# Problem requirements:
Nothing but the lines from the one with "- Dự đoán tỉ" through the end of the listing should be reproduced, each exactly and with pictures omitted.

# Available records:
----
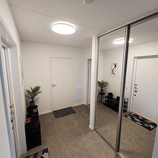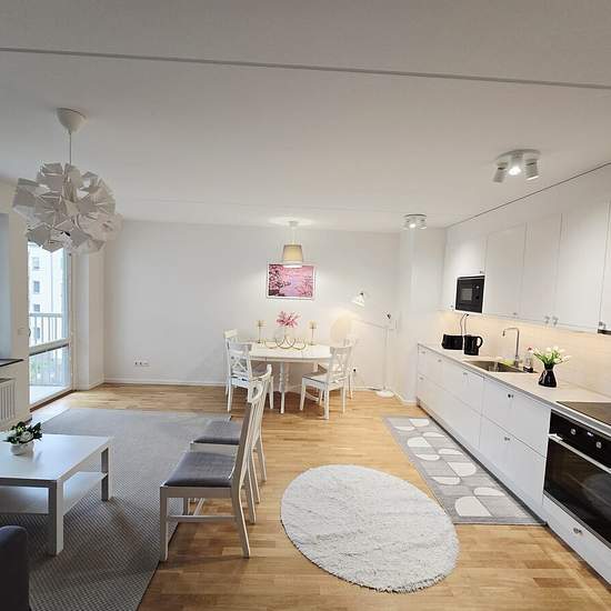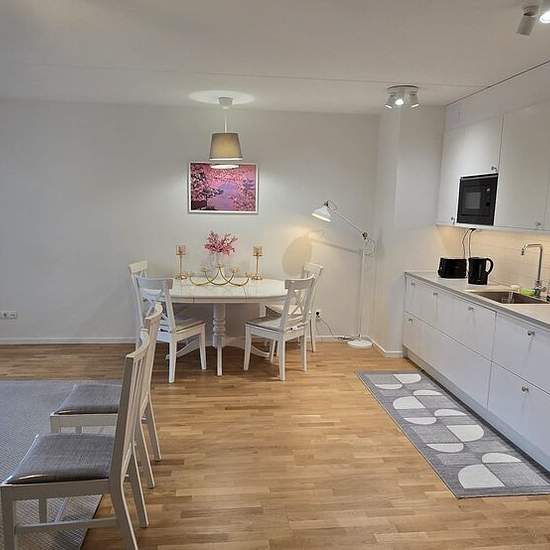 Nyproducerad (dec 2023) 2 rum på 55 kvm mitt i Barkarbystaden (JM Horisont Barkarby Norra) . Företrädesvis långtidshyreskontrakt. Lägenheten ligger högt upp på våning 4 (av 5). Lägenheten är möblerad. Goda förbindelser till staden via buss och tåg (buss 175 går till Barkarby station och Akalla station). Busshållplatsen Sveatorget ligger 100 meter från lägenheten. Kvarteret Horisont Barkarby Norra har en solig och grönskande innergård med gott om planteringar, sittytor och sandlåda för de yngre barnen. Hyran är täcker värme, varmvatten, kal...
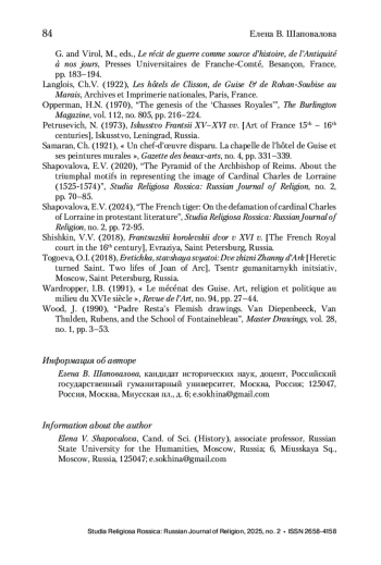 15. Шаповалова 2020 - Шаповалова Е.В. Пирамида архиепископа Реймского: о триумфальных мотивах в репрезентации образа кардинала Карла Лотарингского (1525-1574) // Studia Religiosa Rossica: научный журнал о религии. 2020. № 2. С. 70-85.
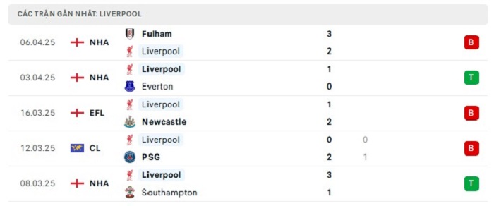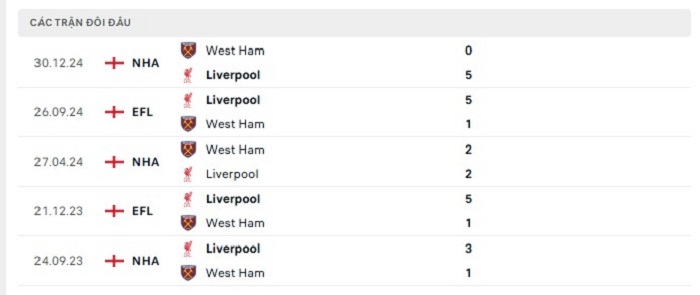 - Dự đoán tỉ số trận đấuLiverpool vs West Ham
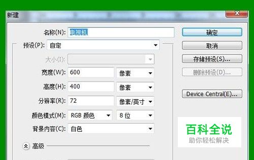 启动photoshop软件,新建一个命名为电视机的600像素X500像素的文件,如图。
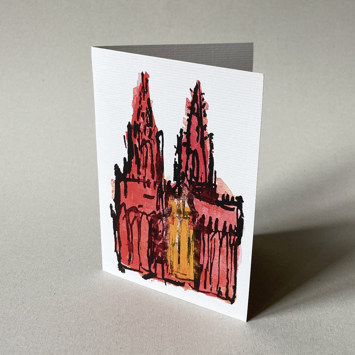 Hochwertige Karten für Glückwünsche oder einen kurzen Gruß. Edler, strukturierter Karton bedruckt mit einem skizzenhaften Aquarell des Kölner Doms.
----
# Written answer:
 - Dự đoán tỉ số trận đấuLiverpool vs West Ham
 启动photoshop软件,新建一个命名为电视机的600像素X500像素的文件,如图。
 Hochwertige Karten für Glückwünsche oder einen kurzen Gruß. Edler, strukturierter Karton bedruckt mit einem skizzenhaften Aquarell des Kölner Doms.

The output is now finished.